I spent Friday morning visiting Town Quay and Mayflower Park Southampton. A few large ships were in port. Including the Queen Victoria – One of the Cunard fleet. The liner has a crew of 913 and can accommodate 2,061 passengers.

Red Funnel Ferries – Services run from Town Quay Southampton to Cowes on the Isle of Wight. The ferry takes about an hour and the fast jet passenger service takes just under 30 minutes.

I set my camera on the ground scattered some bird seeds – pressed record and waited.

A surprise sighting was a lone Giullemott fishing off the end of Town Quay. A bird I have seen often along our coasts but only in areas where there are stretches of steep cliffs. Considered a common bird and found in large breeding colonies. They come to land only to nest, spending the rest of their lives at sea.

Stoney Cross.

A walk across Stoney Cross around the edge of the WW2 airfield today’s nature walk gave a few gifts, although no deer sightings today.

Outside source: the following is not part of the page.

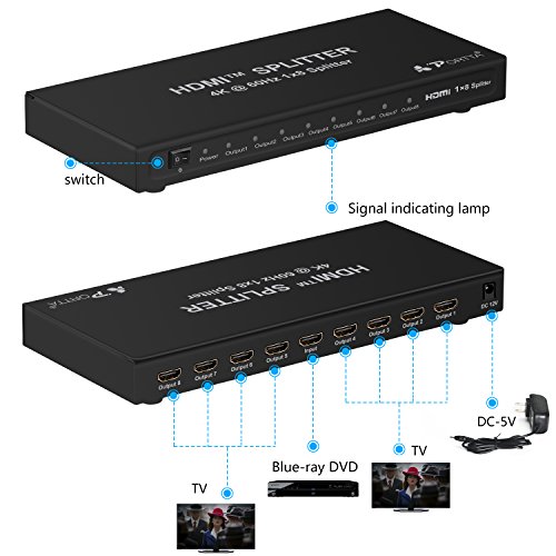 The HDMITM 4K splitter 1x8 lets you share eight HDMITM displays or projectors with an HDMITM-enabled audio / video source device. With support for Ultra HD (4K@60Hz) the HDMITM splitter ensures astonishing picture quality, four times the resolution of HD 1080p@60 Hz. The 4K splitter is also backward compatible with previous HDMITM revisions, supporting 1080p / 720p HDMITM video resolution devices. Even if you don't require 4K video today, the HDMITM 4K Splitter 1x8 ensures you'll be ready to take advantage of tomorrow's display technology.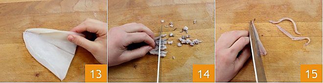 If, instead, you prefer stewed squid, you can open the mantle like a book: use a knife to cut the end and slide the blade along the entire length 13. The tentacles can be left whole or chopped to add them to the preparations 14. The fins can also be cooked: slice them into thin strips and add them to the recipe 15. The cooking times for squid depend not only on the usage but also on the size of the mollusk. It is advised not to cook squid for too long, to avoid it becoming rubbery.

Large flocks of “Fieldfare” were everywhere but not keen to stay for me to take a photograph or two! Fieldfares are large and colourful thrush. They are social birds, wintering in the UK. Flocks can be ten or twenty birds to several hundred strong. The flocks are noisy and the birds chuckle as they fly between trees looking for the best berries. Finally today and after trying for the last 3 weeks I got a couple of shots.

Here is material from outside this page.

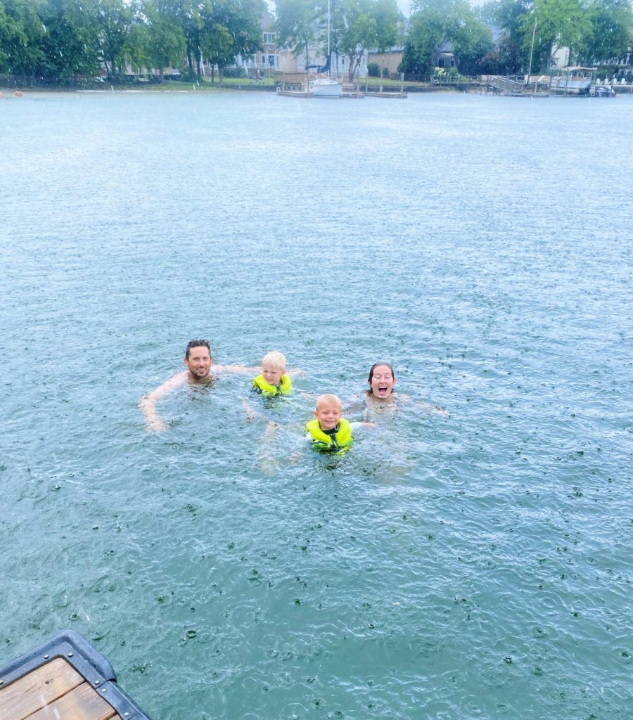 As we were coming in from our boating adventures on Sunday, we were met with some rain but thankfully no thunder or lightning so our crew jumped off the dock where we keep our boat and swam around for an hour or so!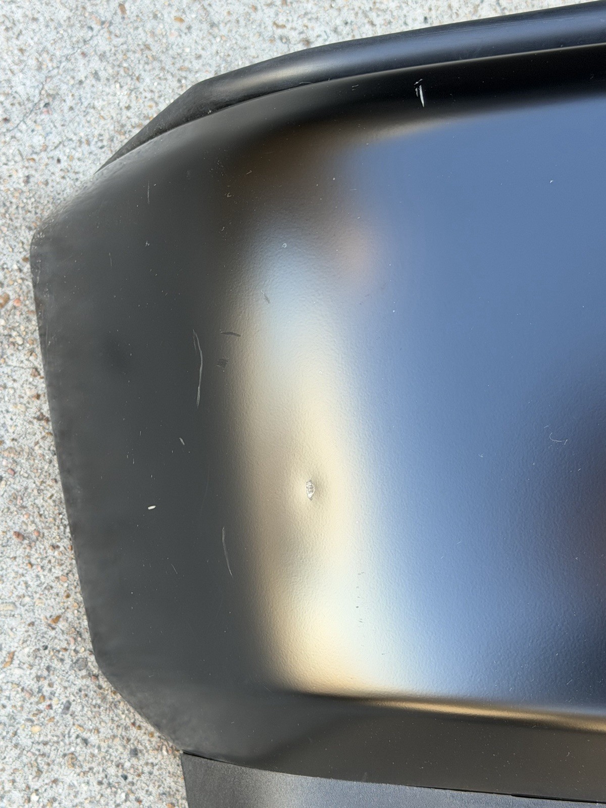 This bumper does not have any dents or dings on it, does have some scuffs and scratches on the surface from transport and storage. Please look at pictures before purchasing, do not expect a new bumper at time of purchase as this is a factory take off. Sold as is

The Devil’s Fingers fungus  [Clathrus archeri], this rare fungus I posted pictures of a few weeks ago has now gone over but others have now grown.

Another fungus spotted was a Yellow Stagshorn – {Calocera viscosa} – It is a Jelly Fungus which grows on decaying conifer wood, typically stumps and roots. This was a 1st for me this year.

Canal walk.

A muddy walk along the Titchfield Canal. The canal is a two-mile watercourse between the village of Titchfield and the coast at Titchfield Haven.  Starting at the sea I quite like the wall art that had appeared on the back of the toilet block. In my view one up on some of the so-called tags which are appearing everywhere and I am told is art.

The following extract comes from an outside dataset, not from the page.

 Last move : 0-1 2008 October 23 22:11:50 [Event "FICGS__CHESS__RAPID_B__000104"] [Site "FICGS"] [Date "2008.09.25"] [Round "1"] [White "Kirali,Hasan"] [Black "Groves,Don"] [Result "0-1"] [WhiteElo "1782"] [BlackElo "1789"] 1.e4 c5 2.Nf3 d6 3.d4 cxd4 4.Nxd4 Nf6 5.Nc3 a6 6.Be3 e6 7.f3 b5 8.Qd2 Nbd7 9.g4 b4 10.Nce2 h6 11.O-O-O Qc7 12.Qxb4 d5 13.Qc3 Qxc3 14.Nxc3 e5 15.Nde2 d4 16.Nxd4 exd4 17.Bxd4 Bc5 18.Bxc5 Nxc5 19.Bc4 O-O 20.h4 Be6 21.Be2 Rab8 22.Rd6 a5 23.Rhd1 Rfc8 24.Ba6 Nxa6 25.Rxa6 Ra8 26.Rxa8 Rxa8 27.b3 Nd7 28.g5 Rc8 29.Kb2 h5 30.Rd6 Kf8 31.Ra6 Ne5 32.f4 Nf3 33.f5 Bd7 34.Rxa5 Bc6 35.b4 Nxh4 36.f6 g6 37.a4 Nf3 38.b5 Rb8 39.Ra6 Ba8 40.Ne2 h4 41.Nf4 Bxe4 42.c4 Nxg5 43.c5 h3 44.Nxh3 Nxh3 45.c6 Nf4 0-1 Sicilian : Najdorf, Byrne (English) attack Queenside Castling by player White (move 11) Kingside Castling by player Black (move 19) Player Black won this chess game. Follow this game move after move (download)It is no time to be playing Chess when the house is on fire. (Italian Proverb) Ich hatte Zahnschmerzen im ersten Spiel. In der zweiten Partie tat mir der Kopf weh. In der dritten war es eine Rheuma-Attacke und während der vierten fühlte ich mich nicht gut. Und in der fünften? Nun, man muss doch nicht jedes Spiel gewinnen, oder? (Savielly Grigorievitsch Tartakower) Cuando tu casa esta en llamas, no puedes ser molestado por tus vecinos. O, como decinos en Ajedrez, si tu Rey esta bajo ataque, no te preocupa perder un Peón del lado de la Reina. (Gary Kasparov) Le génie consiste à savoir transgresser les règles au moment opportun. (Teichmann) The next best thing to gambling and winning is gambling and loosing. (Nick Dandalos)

A few of the birds I spotted along the route.

A Robin heron and Blackbird.

Where bombs fell.

Today was an open-heath walk within the former World War 2 bombing range on Ashley Heath near the village of Godshill and 5 miles northwest of Lyndhurst The range was used by aircraft from the Aeroplane & Armament Experimental Establishment at RAF Boscombe Down, nr Salisbury. The range was used for training and testing, all types of munitions fired or dropped from British aircraft were tested here first, except live incendiaries due to the fire risk. Barnes Wallis’s prototype Bouncing bombs used in Operation Chastise by the Dambusters and the Grand Slam bomb were tested on the site. Several different types of targets were built on the range including air-to-ground attack, mock ship targets, aircraft pens, gun emplacement, bomb fragmentation areas, and what is said to have been some Submarine pens. There were two small grass airstrips, observation shelters, and towers. The site was used both in daylight and night targets were illumination targets specifically for night bombing practice.

Our walk today was the 1st in this area of the New Forest with the aim of seeing the remains of a large target. Known as target number 2.

The shape of the target is visible from the ground the concrete wall around the target was removed for construction materials in the 1970’s

Many small ponds are on the heath most are water-filled bomb craters.